- _Required action_: What's needed is an exact copy of all the data below, without pictures.

- _Material provided_:
....

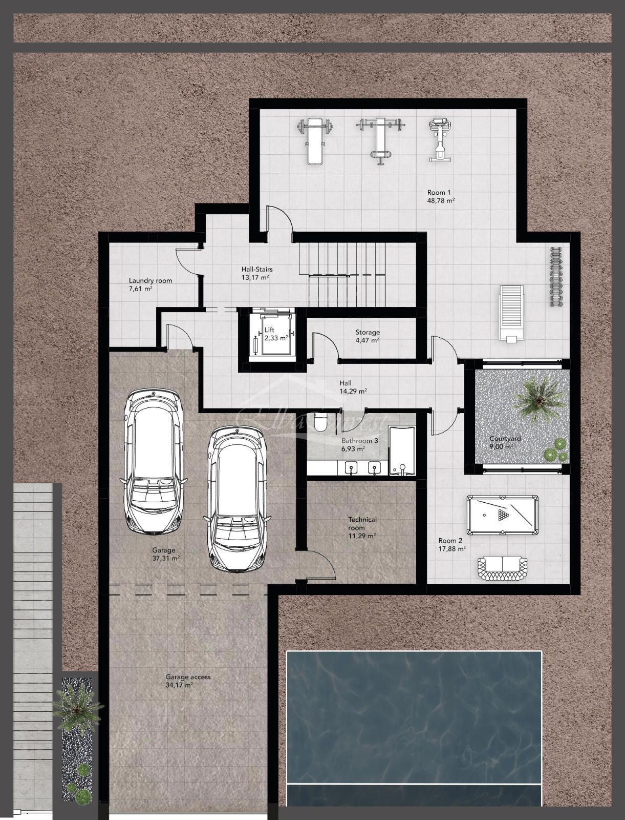 La planta inferior, con iluminación natural, ofrece estancias polivalentes, ideales como gimnasio, despacho, sala de cine o zona de ocio, además de un baño adicional, lavandería, sala técnica y espacios de almacenamiento.
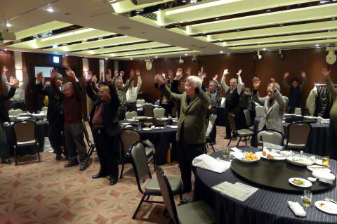 和やかな雰囲気での歓談後、岡山さん恒例の三三七拍子で締めとなりました。最後に最近入会された方々の行事参加のお願いと、清成幹事・立石、浜地地区委員お疲れ様でした。皆様良いお年を!(レポーター 石丸 盈) |
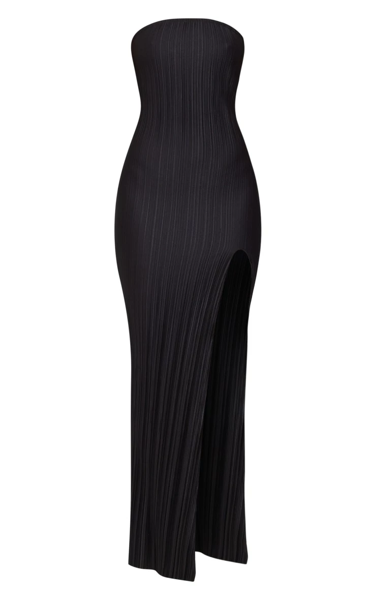 Your special occasion look is finally sorted with this dress doll. Featuring a black plisse material with a split leg and maxi length, we’re in love. Wear with high heels and a gold clutch bag for a look we can’t get enough of.

....

- _Task result_:
 La planta inferior, con iluminación natural, ofrece estancias polivalentes, ideales como gimnasio, despacho, sala de cine o zona de ocio, además de un baño adicional, lavandería, sala técnica y espacios de almacenamiento.
 和やかな雰囲気での歓談後、岡山さん恒例の三三七拍子で締めとなりました。最後に最近入会された方々の行事参加のお願いと、清成幹事・立石、浜地地区委員お疲れ様でした。皆様良いお年を!(レポーター 石丸 盈) |
 Your special occasion look is finally sorted with this dress doll. Featuring a black plisse material with a split leg and maxi length, we’re in love. Wear with high heels and a gold clutch bag for a look we can’t get enough of.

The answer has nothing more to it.